▸ WHAT THE TASK REQUIRES
Repeat exactly the lines of the entries below from the one with "7 туров ФНЛ)" through the one with "Landsantikvarie Nils Sundquist", both ends included, and nothing else.

▸ RECORDS FOR THIS EXERCISE
-- -- --

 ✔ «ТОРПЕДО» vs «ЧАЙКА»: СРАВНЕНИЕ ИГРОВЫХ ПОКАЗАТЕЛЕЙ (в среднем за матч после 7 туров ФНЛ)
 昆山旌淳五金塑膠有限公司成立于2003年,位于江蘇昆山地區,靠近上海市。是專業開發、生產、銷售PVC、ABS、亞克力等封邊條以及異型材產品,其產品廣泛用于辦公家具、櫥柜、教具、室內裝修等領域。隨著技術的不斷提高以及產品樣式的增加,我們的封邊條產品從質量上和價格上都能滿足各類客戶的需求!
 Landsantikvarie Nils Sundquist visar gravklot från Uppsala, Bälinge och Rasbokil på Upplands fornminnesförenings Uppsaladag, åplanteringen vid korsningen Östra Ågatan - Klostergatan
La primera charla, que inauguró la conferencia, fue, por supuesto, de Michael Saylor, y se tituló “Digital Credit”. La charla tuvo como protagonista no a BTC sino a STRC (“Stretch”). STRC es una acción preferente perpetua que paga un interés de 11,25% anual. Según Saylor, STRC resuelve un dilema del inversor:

-- -- --

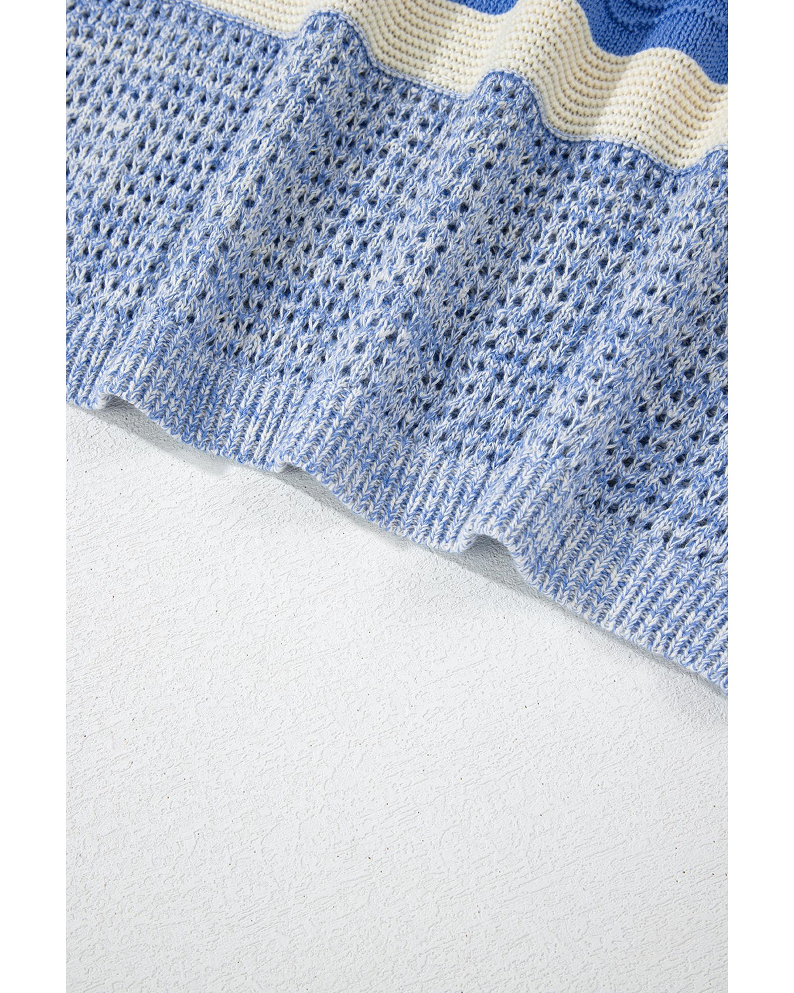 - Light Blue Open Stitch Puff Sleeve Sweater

-- -- --

▸ ANSWER BOX
 ✔ «ТОРПЕДО» vs «ЧАЙКА»: СРАВНЕНИЕ ИГРОВЫХ ПОКАЗАТЕЛЕЙ (в среднем за матч после 7 туров ФНЛ)
 昆山旌淳五金塑膠有限公司成立于2003年,位于江蘇昆山地區,靠近上海市。是專業開發、生產、銷售PVC、ABS、亞克力等封邊條以及異型材產品,其產品廣泛用于辦公家具、櫥柜、教具、室內裝修等領域。隨著技術的不斷提高以及產品樣式的增加,我們的封邊條產品從質量上和價格上都能滿足各類客戶的需求!
 Landsantikvarie Nils Sundquist visar gravklot från Uppsala, Bälinge och Rasbokil på Upplands fornminnesförenings Uppsaladag, åplanteringen vid korsningen Östra Ågatan - Klostergatan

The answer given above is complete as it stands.